21. Recording procedures and measurements

The EGG signals of the subjects were recorded onto cassette tapes in a quiet room. The speech signals were recorded at the same time as the EGG signals, but were not used for further analysis. The recordings were done on a commercially available tape-recorder and the EGG signal was provided by the Portable Laryngograph of Laryngograph Ltd. They were then digitally transmitted to a Silicon Graphics Indy computer. Each data file contained an EGG representation of the sustained vowels /i:/, /a:/, /u:/. The data processing was done completely automatically. The program (integrated in the ESPS/waves+(TM) speech processing environment) determines the start of phonation in the data and then analyzed one second of the data beginning 0.5 s after the initiation of phonation. This is in line with the advice of Klingholz (1991), who suggested the use of 20 to 30 pitch periods in order to be able to draw conclusions about voice quality.

The signal is divided into single pitch periods, which are described by a number of parameters. The periods of the EGG are determined using an algorithm proposed by Vieira et al. (1996) and described already in section 10.1. The recorded signal is band-pass filtered (60 - 5000 Hz) using an FIR filter with a 60 dB rejection in the stop bands, and as a result "unique" zero crossings between adjacent negative and positive "significant" peaks are found (see Vieira et al., 1996b for details). The zero-crossing points are used as markers for instants of glottal closure and they also determine the pitch periods in the original EGG signal (compensating for the shift in the signal which results from the order of FIR filter). Every pitch period is characterized using the parameters proposed in section 12. The description contains the duration and amplitude parametrization of the waveform. Moreover, the discrepancy between the true waveform and the corresponding straight line segment is computed. Also, the peak-to-peak amplitude and the relative difference in duration between successive pitch periods (first order perturbation factor, Gubrynowicz et al., 1980) is registered and compared.

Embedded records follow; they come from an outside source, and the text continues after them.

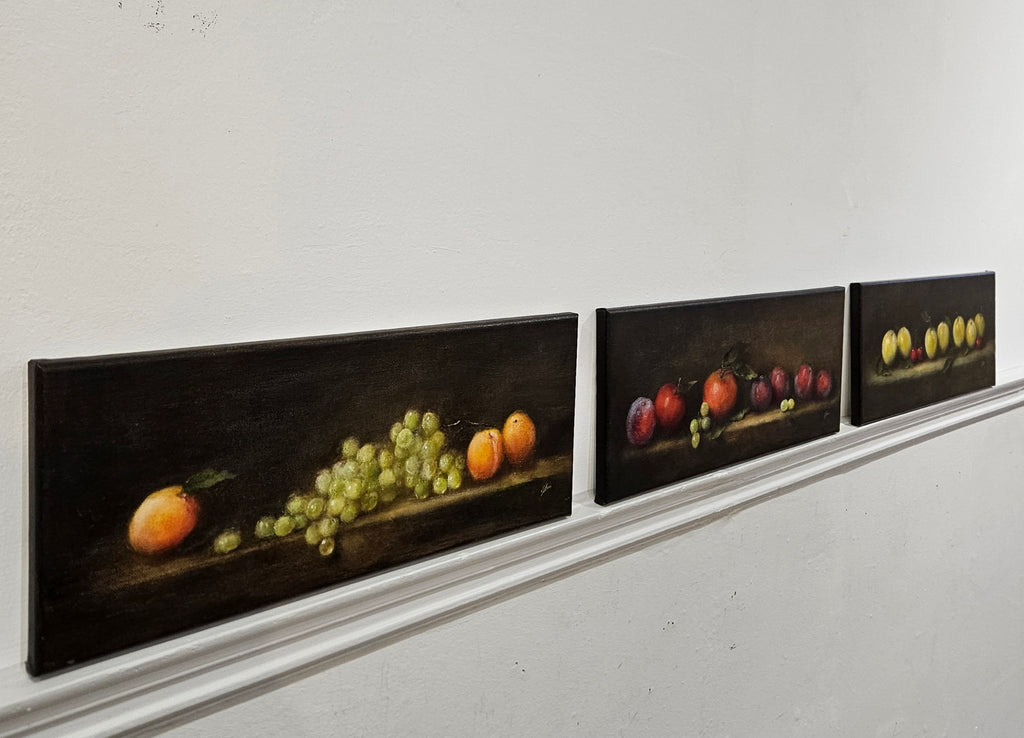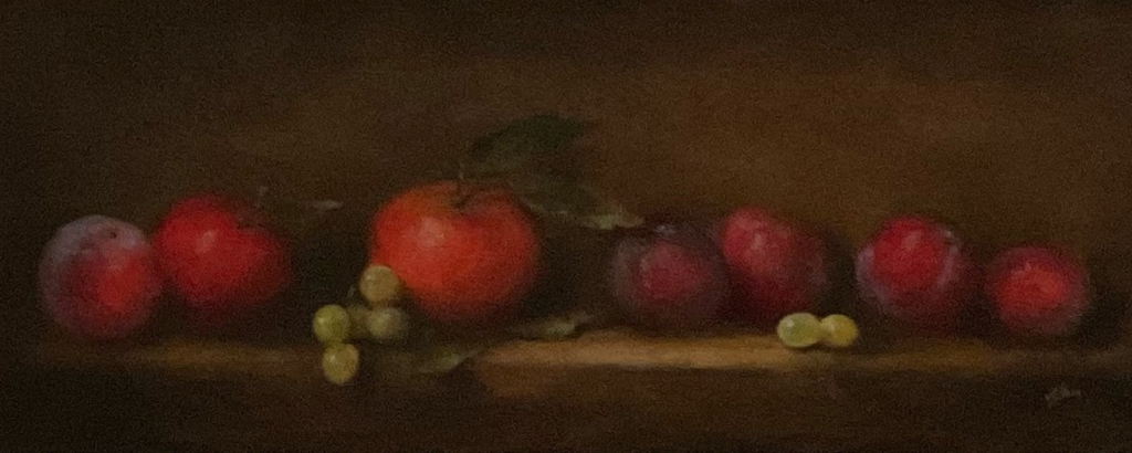 Judith Levin original painting: Apples, Plums and Grapes8 x 20 insoil on canvas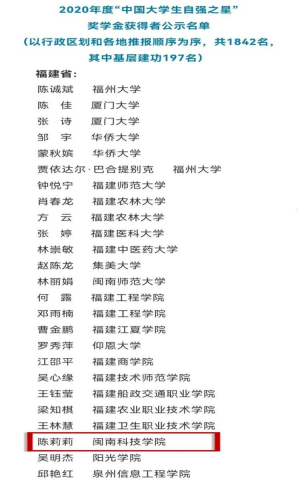 近日,2020年度“大学生自强之星”奖学金评选结果公布,九游(NineGame)官方网站商学院2018级市场营销专业陈莉莉同学经过学校推荐、省级初评、全国评审等环节,获评2020年度“中国大学生自强之星”奖学金。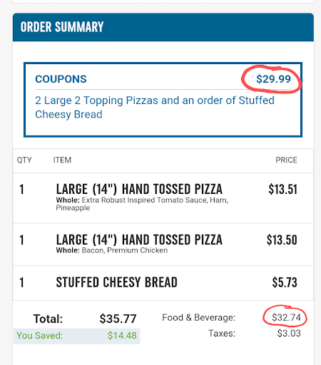Read moreOrdered 2 pizzas carry out on the app. It said 15-20 minutes. I waited 20 minutes and drove to the parking lot. I waited there another 20 minutes until my order was finally marked ready. I walked in and told them I wanted to pick up my order and they said it was still in the oven. I saw the guy in the back cutting one of my pizzas, so they obviously marked it ready when it wasn’t. I finally grabbed them and headed home. When I drove 15 minutes home I opened up the pizzas and realized one of them was the wrong pie. When we called dominoes, they kept pretending like they couldn’t hear us on the phone and were extremely rude and “too busy” to talk. All this and the two pizzas were $53 total! For this garbage and for it to be late and wrong…needless to say we will never eat dominos again

The parametrization was done for every pitch period and subsequently the mean and the standard deviation of every parameter were registered. The resulting vector describing every vowels spoken by every speaker consists of 20 parameters.

The quality of the EGG data was often poor. In many cases the signal-to-noise ratio was low and the shape of the signal was often unusual due to notches and fluctuations. However, no recording was rejected from further processing. In some cases, it was necessary to move the analysis window, which usually starts 0.5 s after the phonation onset, to other portions of the signal. In general, the one part of the voiced segment was used that was most stable and of maximal duration.